In the toughest motoring expedition in the universe, you and your friends will build your own vehicles to cross a dangerous wasteland. Explore, crash horribly, use your wits to build a better rig, and get as far as you can with whatever spare parts you find on your way.

Welcome to the Ultimate Expedition!

Journey over grueling mountains, hazardous swamps, and bone-dry deserts on a distant world far from civilization – it is just you, your fellow adventurers and the amazing, jet-powered hover-buggy you built yourself. Explore, crash your vehicle, build a better one, and get as far as you can with whatever spare parts you find along your way.

Trailmakers is about building very awesome vehicles and machines, but you don’t need an engineering degree to get started. The intuitive builder will get you going in no time. Everything you build is made from physical building blocks. Each block has unique features like shape, weight and functionality. They can be broken off, refitted and used to build something new. Individually the blocks are fairly simple, but combined the possibilities are endless.
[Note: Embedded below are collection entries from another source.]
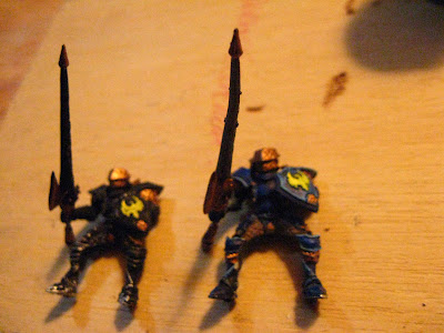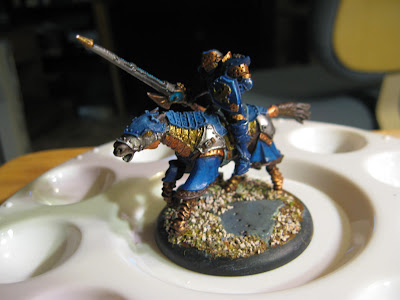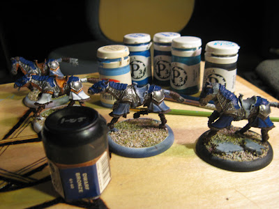 If nothing else, I will have my Stormlances painted for TempleCon! I waited forever to get these guys. They were on order from Privateer Press for like 3 months before I got them. I am painting them with a "different" paint scheme, using blue, gold, silver, and bronze. For the bases, I am going for an urban ruins look much like some of the artwork in Legends. I am using some sculpted plastic bases, and Slate Rock for the rubble.
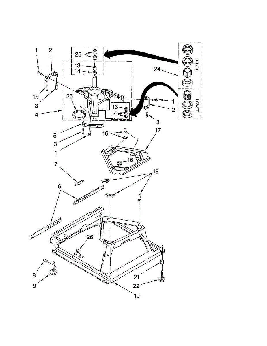 Secures suspension springs to the washer tub assembly. Replace if cracked, worn, or missing to prevent tub instability during wash and spin cycles.
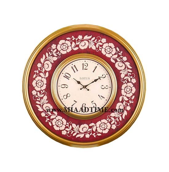 ساعت دیواری چوبی دو رینگ طرح فرانسوی لوتوس گرد مدل FR-663
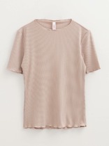 Футболка из полиамида, белого цвета, с короткими рукавами, с небольшим горлом, в рубчик, облегающая, укороченная.
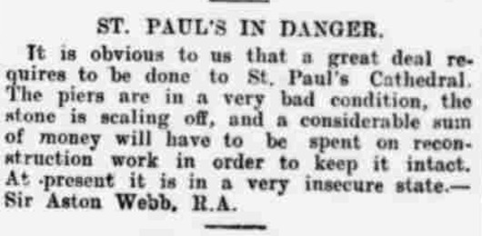 On Christmas Eve, 1924, the Dean and Chapter of St Paul's Cathedral received what's come to be known as the 'Citys Christmas Present', although it wasn't a welcome gift at the time. It took the form of a Dangerous Structures Notice from the City of London's Surveyor and warned the Cathedral authorities that unless immediate work was carried out the safety of the dome and those below it could not be guaranteed. Worst case scenario, the crowning glory of Sir Christopher Wren's English Baroque masterpiece, and an iconic presence on the London skyline, could collapse!
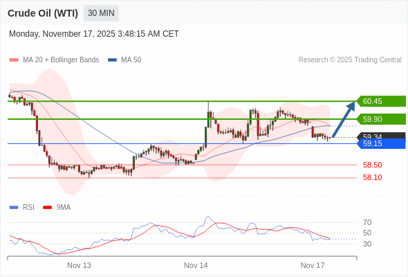 在 59.15 之上,看涨,目标价位为 59.90 ,然后为 60.45 。
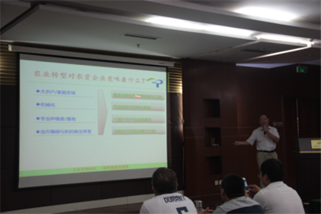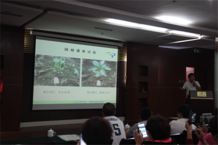 四川太抗華北區(qū)域總經理張克東就太抗?系列產品、當今農藥發(fā)展方向和趨勢進行了詳細的剖析和講解——現(xiàn)階段正處于未來農業(yè)發(fā)展的風口,規(guī)模農業(yè)、現(xiàn)代農業(yè)示范園和生態(tài)農業(yè)是發(fā)展方向,隨農業(yè)轉型而變的是農資企業(yè)的轉變,量身定制的作物整體解決方案、專業(yè)的技術指導與服務、產前產中產后全程服務、創(chuàng)新的可持續(xù)的解決方案是農資企業(yè)生存的必選之路,連作障礙和新生病蟲草害是現(xiàn)代農業(yè)面臨的難題與痛點。緊接著他介紹了太抗?枯芽春TM和太抗?哈茨木霉菌的優(yōu)勢及其在作物病害上的作用機理。
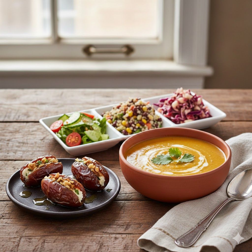 Entrées: Dattes farcie à l'oriantale , soupe du jour, Trio de salades ,Brik ou Tajine Plat: Volaille ou viande ou Poisson Dessert: fruits de saison et gàteaux
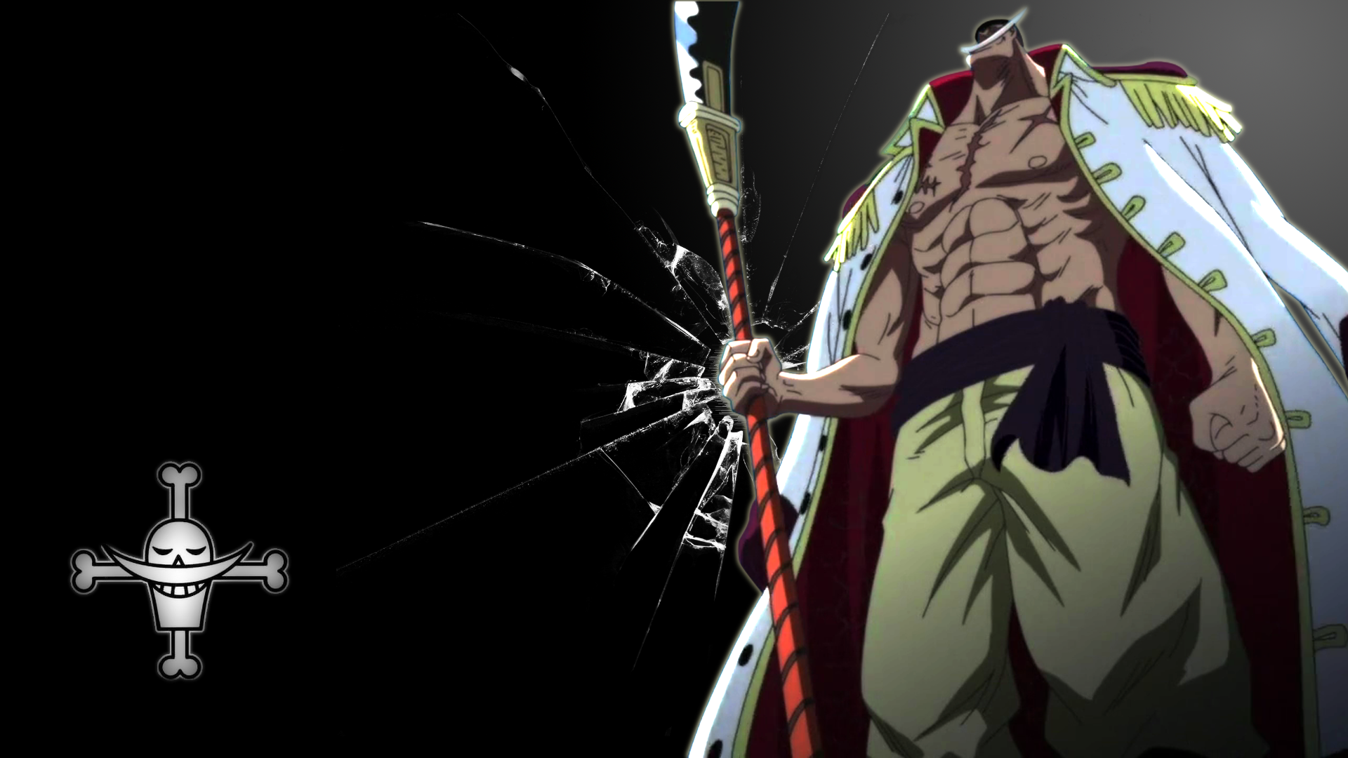 Description: A man holding a sword and a broken glass window in front of him with a skull on the side.
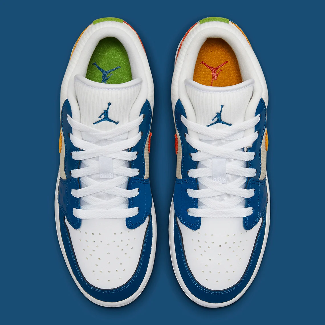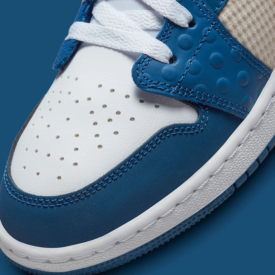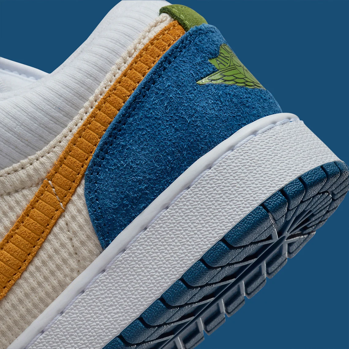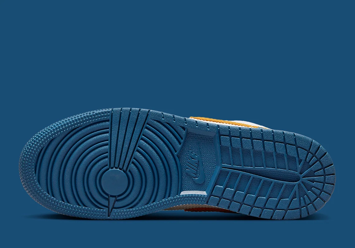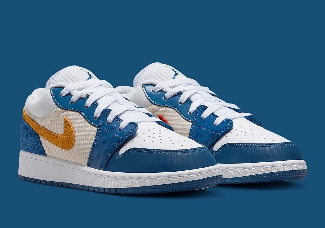 En juillet dernier, le Jumpman a habillé la Air Jordan 1 Mid d’une multitude de textures et de teintes différentes, créant ainsi un coloris ludique adapté à son jeune public. Et avec cette nouvelle Air Jordan 1 Low, la marque se répète à moitié, optant pour une construction similaire mais une palette beaucoup plus simple. L’essentiel de cette version exclusive pour les enfants est habillé de superpositions bleu profond, dont les matériaux vont du daim à poils longs au cuir à pois. Entre les deux, le blanc court sur toute la longueur de la chaussure, traversant une boîte à orteils relativement standard ainsi que des languettes et des cols faits de textile côtelé. Sur les côtés latéraux et médians, le panneau central présente un tissage blanc cassé, qui complète parfaitement les Swooshes qui alternent entre un rouge vif et un jaune sourd.
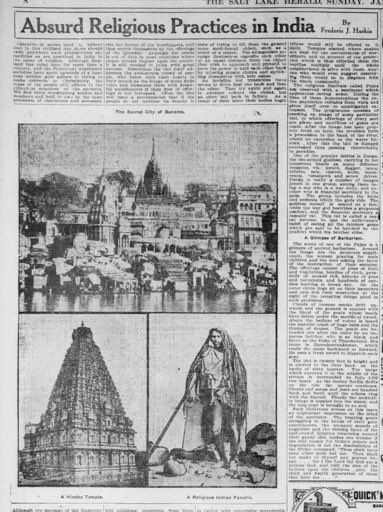 Salt Lake Herald, 1906 “Absurd Religious Practices in India”

Expedition Mode is the challenging campaign mode of Trailmakers. You are competing in an off-world rally expedition with only a few building blocks to get you started. You must build, tinker with and rebuild your machine to progress. Journey through a big world, overcome deep gorges, angry wildlife and dangerous weather to progress and find new parts that will juice up your machine. The world in Expedition Mode will test your survival skills and ingenuity.

Sandbox Mode is where you want to head for an unrestricted, sandbox, vehicle-building experience. Here you can build anything you can dream of, and play around with it in the world of Trailmakers. It is a great place to test out crazy machines, and experiment with the physics engine. With tons of different blocks, hinges, thrusters and interactive vehicle parts – the skybox is the limit.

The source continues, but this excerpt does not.